WHAT THE TASK ASKS
From the first line of the records below through the line with "see image below.", output each line exactly; skip the pictures.

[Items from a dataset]
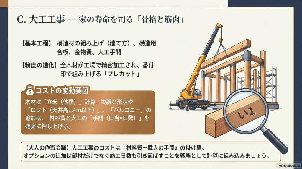 - C. 大工工事 ー 家の寿命を司る「骨格と筋肉」
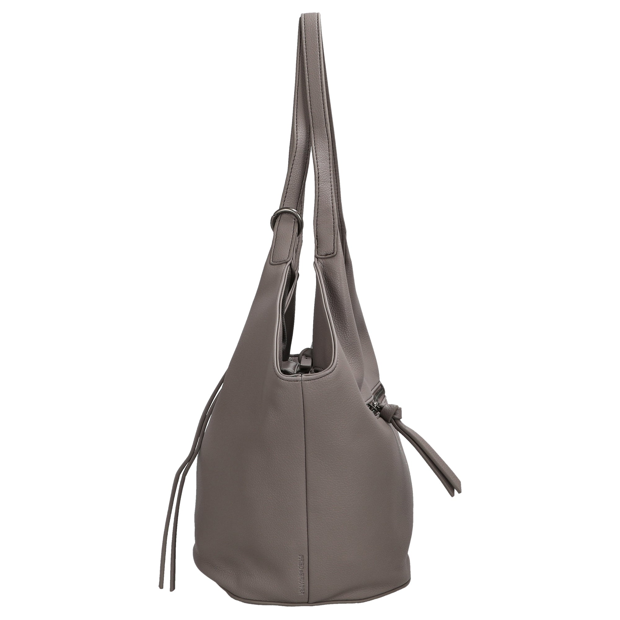 Ein stilvoller Shopper von FREDsBRUDER in elegantem warm grey, der natürliche Schönheit mit funktionalem Design verbindet.
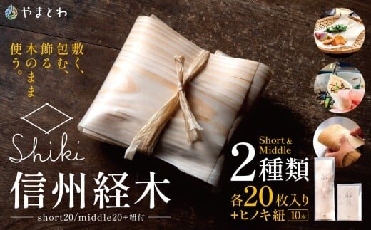 信州経木Shiki(short20/middle20+紐付)|信州 伊那 包装材 お弁当 弁当 保存 包み ラッピング 森 森林 木 アカマツ 経木 伝統 料理【007-07】
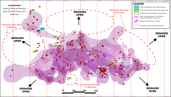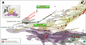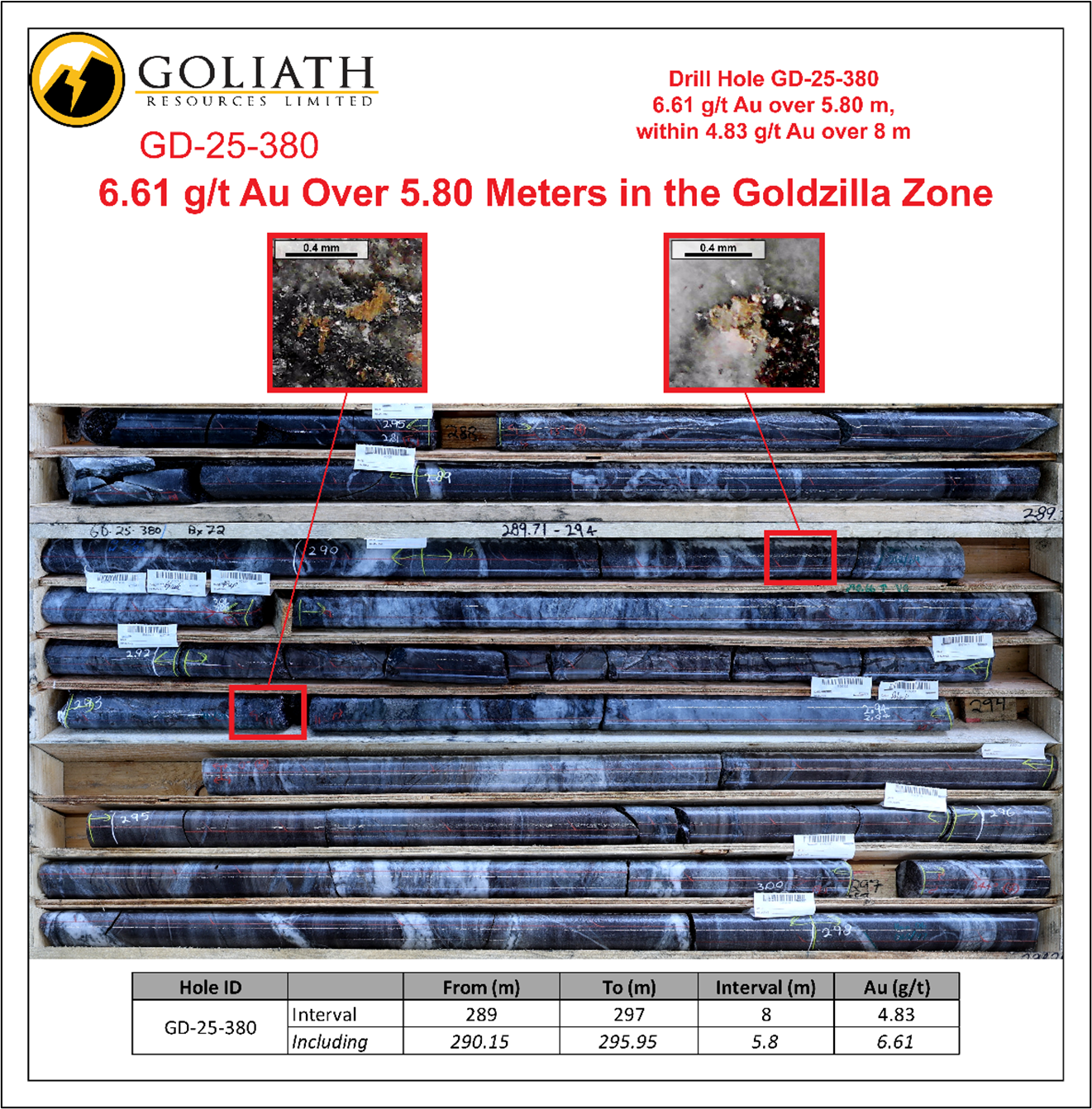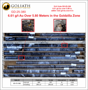 • Drill hole GD-25-380 intersected 6.61 g/t Au over 5.80 meters, within 4.83 g/t Au over 8.00 meters from an interval corresponding to the Goldzilla Vein containing VG-NE in quartz-sulphide veins. The intercept is approximately true width, and these assays reflect gold only (AuEq value in the interval will be adjusted accordingly once Ag, Cu, Pb and Zn are received); see image below.
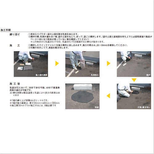 施工道具不要で、セット内容の乳剤を骨材入りパウダー袋に入れて袋ごと混ぜるだけでアスファルト補修が簡単にできます。既存のアスファルト・コンクリート面に重ねて打設しても強力に接着するので施工後の割れ、剥がれは通常のセメント施工より十分な強度があります。 突き固めた土の上にも施工できます。 施工後30分で歩行、60分で普通乗用車の通行ができます。 (気温20℃において)駐車場や工場内のアスファルト・コンクリートの凹み等の補修、フォークリフト通路・車椅子通路・台車通路の段差解消、電柱・標識・設備器具設置後の補修として最適です。 [本体重量]17800g ●備考:可使10分型 【ご注意】降雨時、及び5℃以下での施工はお止めください。他の材料を一切加えたりせず、調整をしないでください。施工箇所に水が溜まっている場合は、水を除去してください。降雨が予想される場合は、雨養生をしたうえで施工してください。残った材料・袋類・道具は、産業廃棄物として処理してください。施工場所の環境によっては、エフロが発生します。製品はパウダーが乳剤と反応して硬化します。施工直前に開封をし長期保管を避けて早めにお使いください。製品は、普通ポルトランドセメントを使用していますので、粉塵が立ち易く水に濡れると強アルカリ性を示します。取扱いに際しては保護具(防塵マスク・ゴム手袋)をご使用ください。万一、皮膚に付着した場合は、直ちに清浄な水で十分に洗い流してください。又、誤って目に入った時、吸引をした時、飲み込んだ時は、直ちに洗浄等の応急処置を施し速やかに専門医の診察を受けてください。411-152 クイックファルト2は、骨材入りパウダー×2袋、乳剤×2袋の材料のみをセットした商品です。専用工具(木片こて)、施工要領書は入っておりません。 購入に関する注意事項
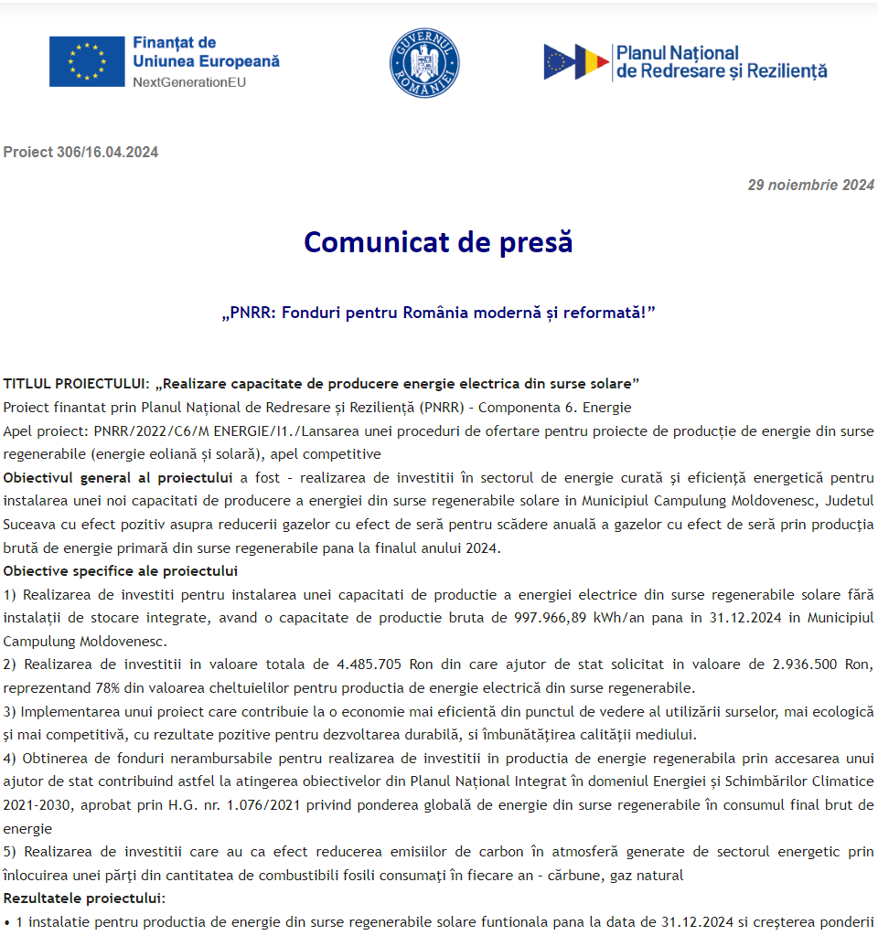 Comunicat de presă privind începerea derulării proiectului „Atelier de creație digitală” Comunicat de presă privind finalizarea derulării proiectului „Realizare capacitate de producere energie electrica din surse solare” Comunicat de presă privind începerea derulării proiectului „PROIECT DE INVESTITII PENTRU DIGITALIZAREA SOCIETATII” Anunț lansare licitație Achiziție de SERVICII ORGANIZARE EVENIMENTE Comunicat de presă privind începerea derulării proiectului „Cresterea competitivitatii CABINET MEDICAL DR. PASCALAU ANDREEA SRL” Comunicat de presă privind începerea derulării proiectului “DIGITALIZAREA COMPANIEI PRB CLARUM SRL” Comunicat de presă privind începerea derulării proiectului „Digitalizarea societatii RUBIC LIFE SRL” Comunicat de presă privind începerea derulării proiectului „,Digitalizarea companiei Darleot Group SRL prin achiziția de hardware și software performant”, cod MySMIS 319935 Comunicat de presă privind începerea derulării proiectului „Învățând pe alții, învățăm și noi!” Pagina 85 din 215«Prima pagină‹Anterioară76777879808182838485868788899091929394‹Următoare »Ultima pagină Publică Anunţ
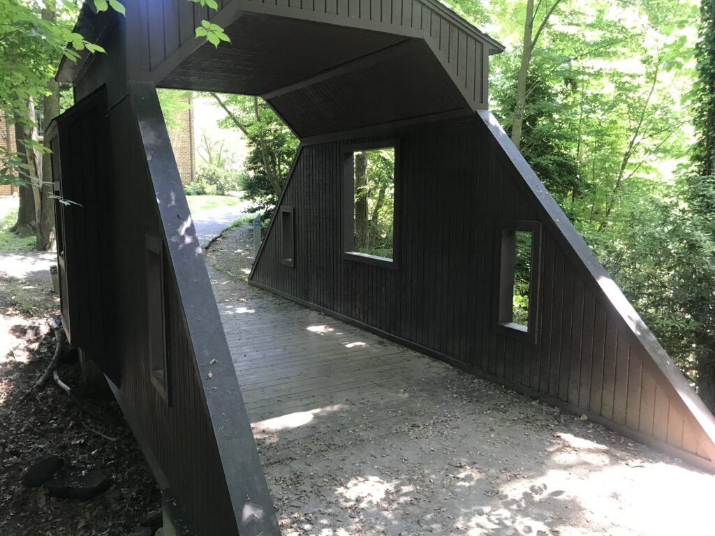 This bridge is on that route, a bridge to nowhere, you might think, though that wouldn’t be exactly right. It’s only a short pedestrian bridge, doesn’t span a great river or even a shallow canal, but it brings me full-circle from the community center, where my yoga class is held, back to my car. A bridge to somewhere, after all.
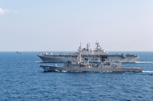 美國太平洋艦隊發佈的消息稱,“美利堅”號兩棲攻擊艦與日本海上自衞隊的“村雨”級驅逐艦“曙”號,於4月10日在東海海域開展聯合訓練。美軍聲稱此舉是為提高與盟友的互操作能力,保衞印度-太平洋地區的和平穩定。另外同樣是在東海海域,美國海軍太平洋艦隊的麥克坎貝爾號驅逐艦與韓國海軍的多艘艦船於4月11日開展聯合演練。
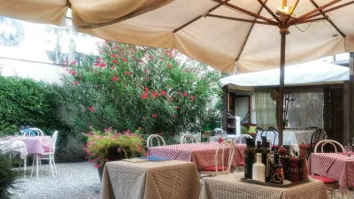 Rosenbar je stara furlanska oziroma slovenska gostilna. Malce spominja na Subana v Trstu, malo tudi na Devetaka. In podobno solidno je bila obiskana, čeprav je šlo za prvo soboto v avgustu, ko gredo naši sosedje tradicionalno na dopust. Na zelenem mediteranskem vrtu, ki je zvečer zlahka premagal vročino, so sedeli predvsem domačini in naročali iz menija, ki je napovedoval, da bo oseba porabila za večerjo (zgolj) od 25 do 40 evrov.
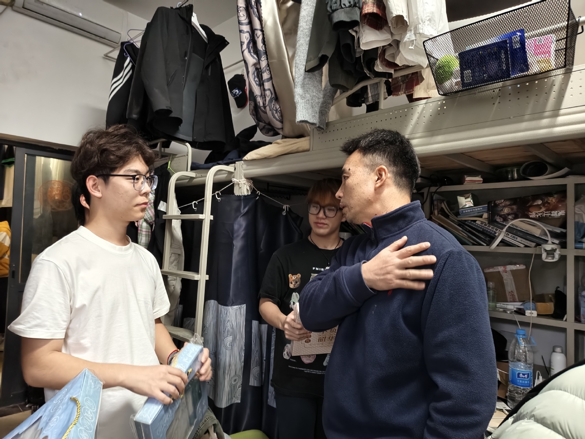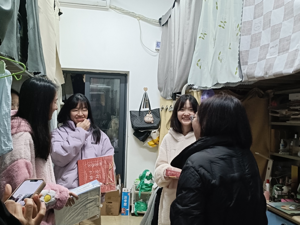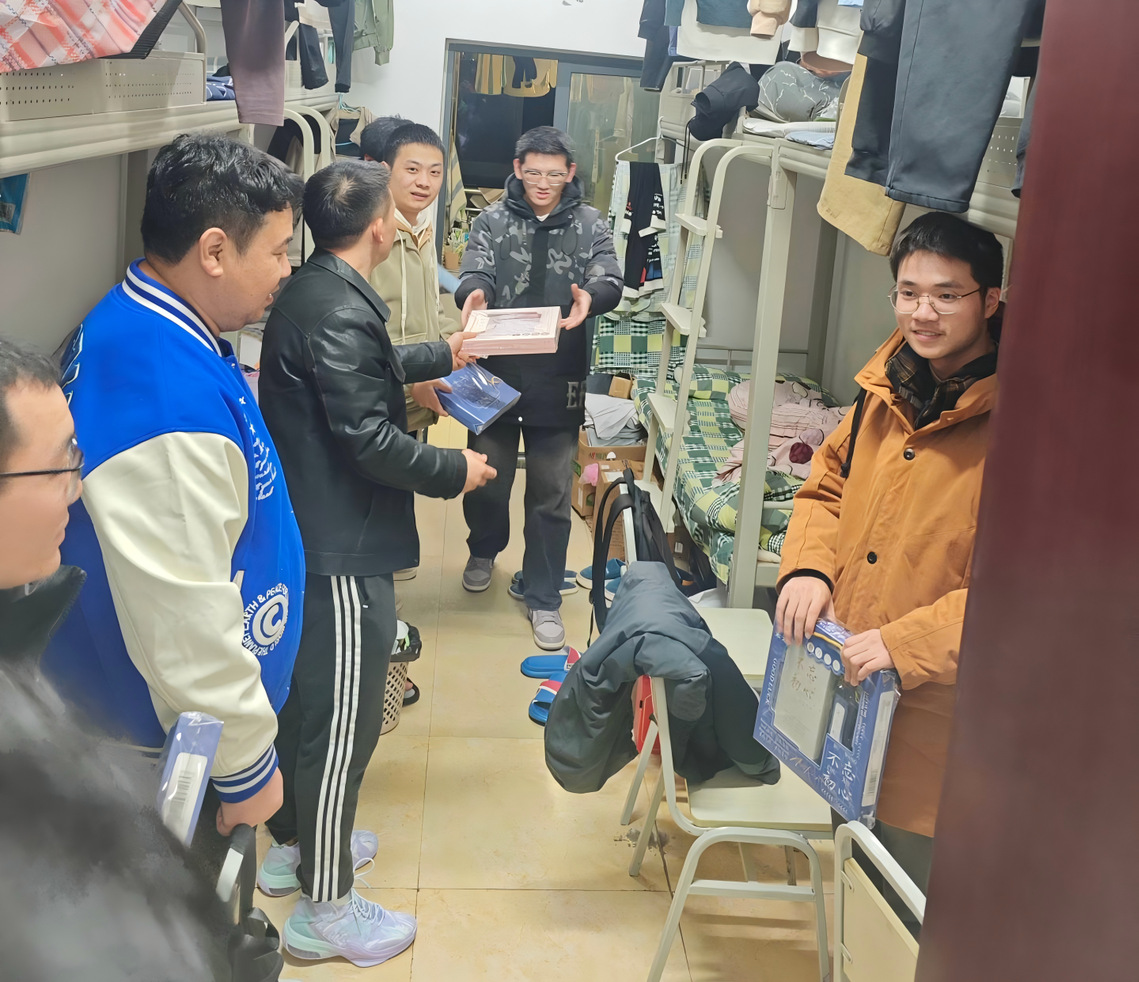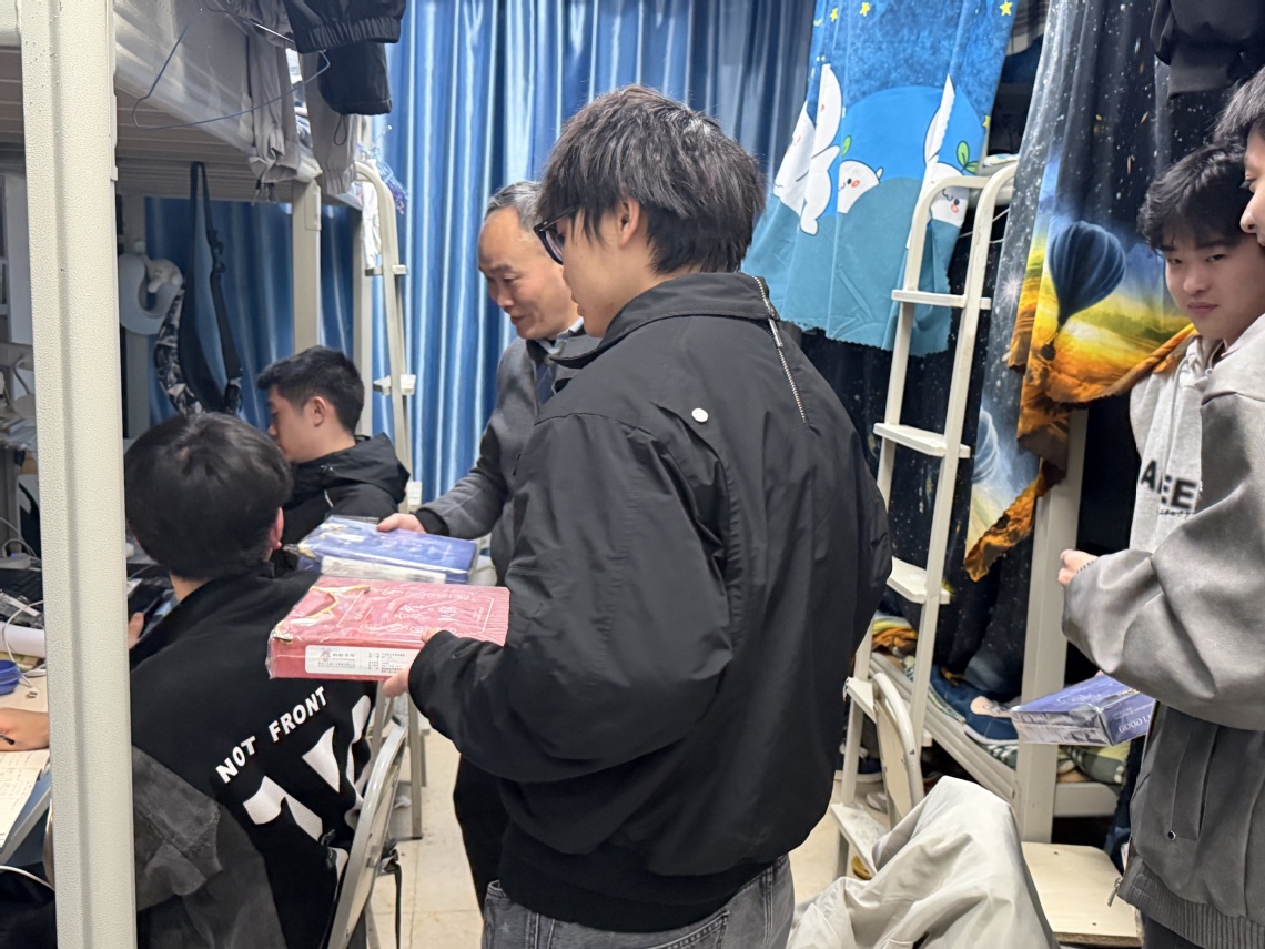在走访过程中,学院领导与辅导员们亲切询问同学们的复习进展和生活状况,对他们持之以恒的奋斗精神给予高度赞扬。“最近复习状态怎么样?”“一定要注意劳逸结合,保持良好心态。”一句句暖心问候回荡在宿舍中。老师们特别叮嘱同学们在最后冲刺阶段要科学安排时间,注意防寒保暖,并送上精心准备的慰问品。这些满载心意的礼物不仅体现了学院对学生的深切关怀,更传递了全体师生对考研学子的美好祝愿。同学们纷纷表示,学院送来的不仅是物资上的支持,更是精神上的鼓舞,让他们在紧张的备考阶段感受到了浓厚的关怀与支持。

RESPONSE AREA
 - C. 大工工事 ー 家の寿命を司る「骨格と筋肉」
 Ein stilvoller Shopper von FREDsBRUDER in elegantem warm grey, der natürliche Schönheit mit funktionalem Design verbindet.
 信州経木Shiki(short20/middle20+紐付)|信州 伊那 包装材 お弁当 弁当 保存 包み ラッピング 森 森林 木 アカマツ 経木 伝統 料理【007-07】
 • Drill hole GD-25-380 intersected 6.61 g/t Au over 5.80 meters, within 4.83 g/t Au over 8.00 meters from an interval corresponding to the Goldzilla Vein containing VG-NE in quartz-sulphide veins. The intercept is approximately true width, and these assays reflect gold only (AuEq value in the interval will be adjusted accordingly once Ag, Cu, Pb and Zn are received); see image below.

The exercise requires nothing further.